HTTP caching has a significant potential for reducing Interdomain traffic, especially when shared caches are used within operator networks. Recent studies have shown very promising results regarding the cacheability of HTTP traffic (see [Ager], [Erman]).

Unfortunately this potential can not be fully used by the standard caching behavior described in [RFC7234]. The following two reasons mainly limit the benefit of caching today:

1. Different URLs for one specific resource:
   • For cache systems which follow the instructions in [RFC7234] the URL mainly serves as a identifier for the cached content. Unfortunately due to mechanisms like load balancing and/or the use of CDNs the URL for one specific resource can vary. From the point of the cache system two different URLs mean two different cache items notwithstanding that the cache items can be identical in their bit-representation.
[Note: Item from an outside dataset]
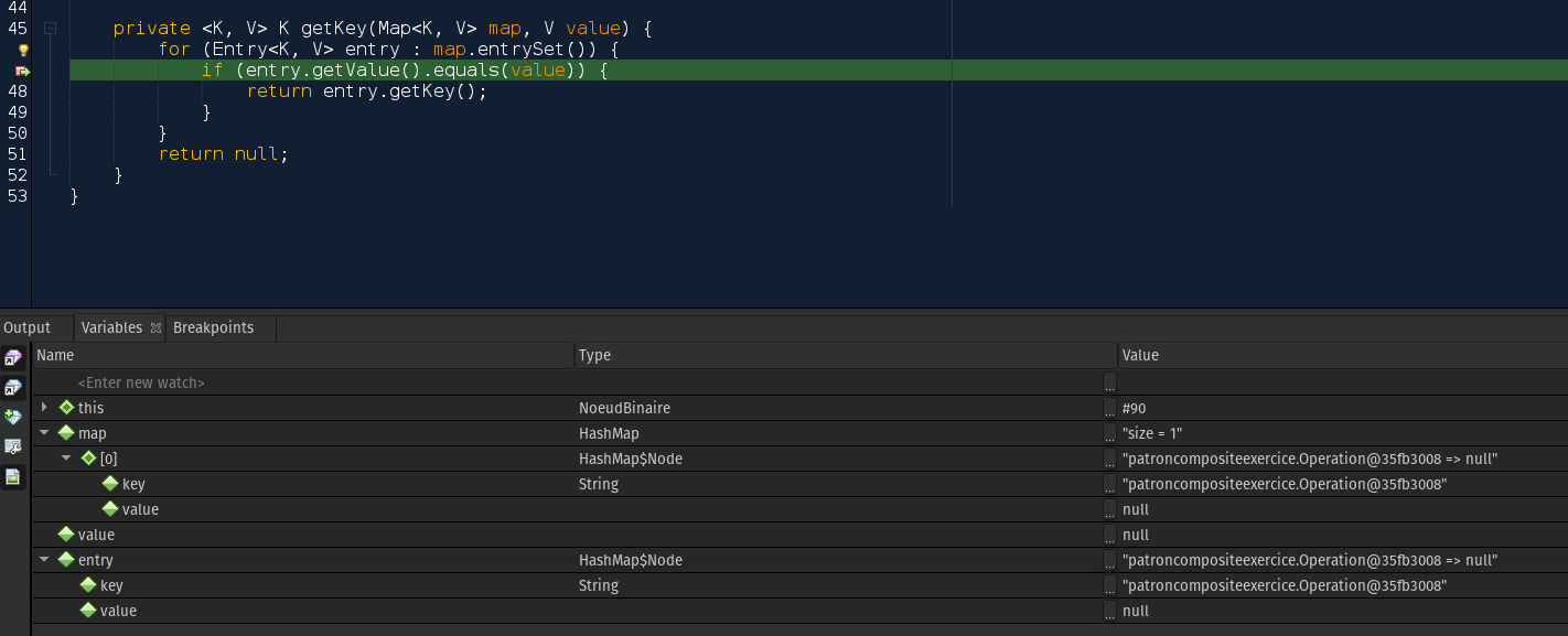 }</code>C'est faux, c'est un singleton pour chaque type d'Operation, c'est à dire que quand tu veux appeler l'opération Soustraction, il faut regarder si cette opération existe bien.

Therefore caching systems usually store one specific content several times and use storage capacity which could potentially be used for caching of other contents.

2. Personalization of HTTP messages in the header:
   • When HTTP messages carry personal information like cookies, session IDs in the query string (this affects also point 1) or other header attributes for the purpose of personalization (or managing state) then shared caches cannot reuse these responses for following requests. In this context content producers allow caching only in the browser of the user (e.g. via Cache-control: private) or deny caching at all. If a specific representation is requested several times by different clients then this would result in HTTP messages which differ in the headers while the bodies are equal. According to [Ager] personalization is also one of the main reasons for the unused potential of caching.

The goal of this proposal is to address these challenges and come up with caching, varying URLs and personalization.

1.1. Requirements Language

The key words "MUST", "MUST NOT", "REQUIRED", "SHALL", "SHALL NOT", "SHOULD", "SHOULD NOT", "RECOMMENDED", "MAY", and "OPTIONAL" in this document are to be interpreted as described in RFC 2119 [RFC2119].

2. Specification

The approach for an improved HTTP caching in this proposal is twofold.

Section 2.1 introduces a new header field with a hash value. This is used for precisely identifying the transfered content in the body of HTTP messages and to signal the permission for caching and reusing of the body in intermediate cache systems.

The modified caching operation described in Section 2.2 uses the above-mentioned header field and ensures that all headers (of HTTP request and response messages) are exchanged between client and server even if the body of a response message is coming from an intermediate cache systems.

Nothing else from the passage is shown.